Lalu mulai muncul komentar, asumsi, dan bahkan teori konspirasi. Sebagian langsung curiga, sebagian ikut menyebarkan. Seolah setiap gerakan tubuh punya niat tersembunyi, seolah dunia tak lagi punya ruang untuk yang spontan dan lugu. Orang tak lagi menonton untuk memahami, tapi untuk mencari celah agar bisa merasa paling waspada—atau paling benar.

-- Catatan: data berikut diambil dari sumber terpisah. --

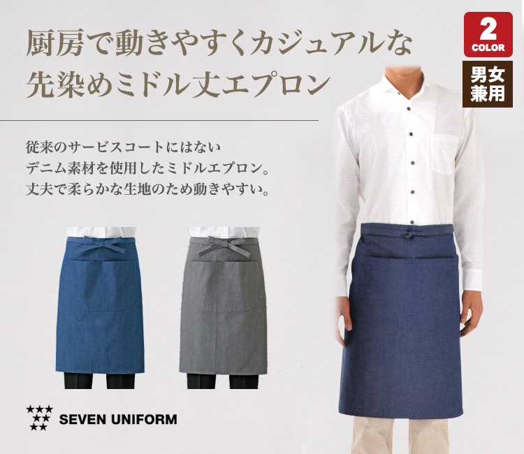 業界老舗、最大手の一流ブランドメーカー、セブンユニフォームの男女兼用ミドル丈エプロン。 厨房や店内で動きやすい丈夫で柔らかなカジュアルデニム生地です。

Dalil-dalil klasik pun digaungkan dengan bersemangat. Larangan meniru orang kafir kembali menggema, dibalut kutipan dari para ulama yang barangkali tak pernah membayangkan bahwa suatu hari, sebuah tarian lucu dalam acara bagi-bagi THR bisa jadi bahan debat keimanan. Sebagian netizen mulai menautkan potongan hadits dengan video viral itu, seakan tubuh-tubuh yang sedang berjoget kecil di jalanan kampung adalah simbol penyusupan ideologi global. Hawa kolonialisme dan paranoia lama muncul kembali, bukan dari penjajah, tapi dari dalam kepala yang dicekam rasa takut yang belum selesai.

Begitu cepatnya kita lompat dari kegembiraan ke kecurigaan. Seperti sedang berada di pesta, lalu tiba-tiba lampu padam dan semua orang saling menuduh siapa yang mencuri kebahagiaan. Tak ada jeda, tak ada klarifikasi. Dunia digital memang tak memberi ruang untuk napas panjang. Ia hanya butuh satu potongan video, satu tudingan ringan, lalu sisanya jadi bola salju yang menggilas nalar.

Padahal—dan ini penting—gerakan itu bukanlah tarian ritual, apalagi eksklusif milik kelompok tertentu. Tarian tersebut sudah lama dikenal dalam dunia pelatihan dan kegiatan luar ruang sebagai bagian dari ice breaking. Siapa yang pernah ikut outbound atau kegiatan pengembangan diri pasti akrab dengan tarian ini—dikenal dengan nama: Letkis dance. Gerakannya sederhana dan menyenangkan, cocok untuk mencairkan suasana.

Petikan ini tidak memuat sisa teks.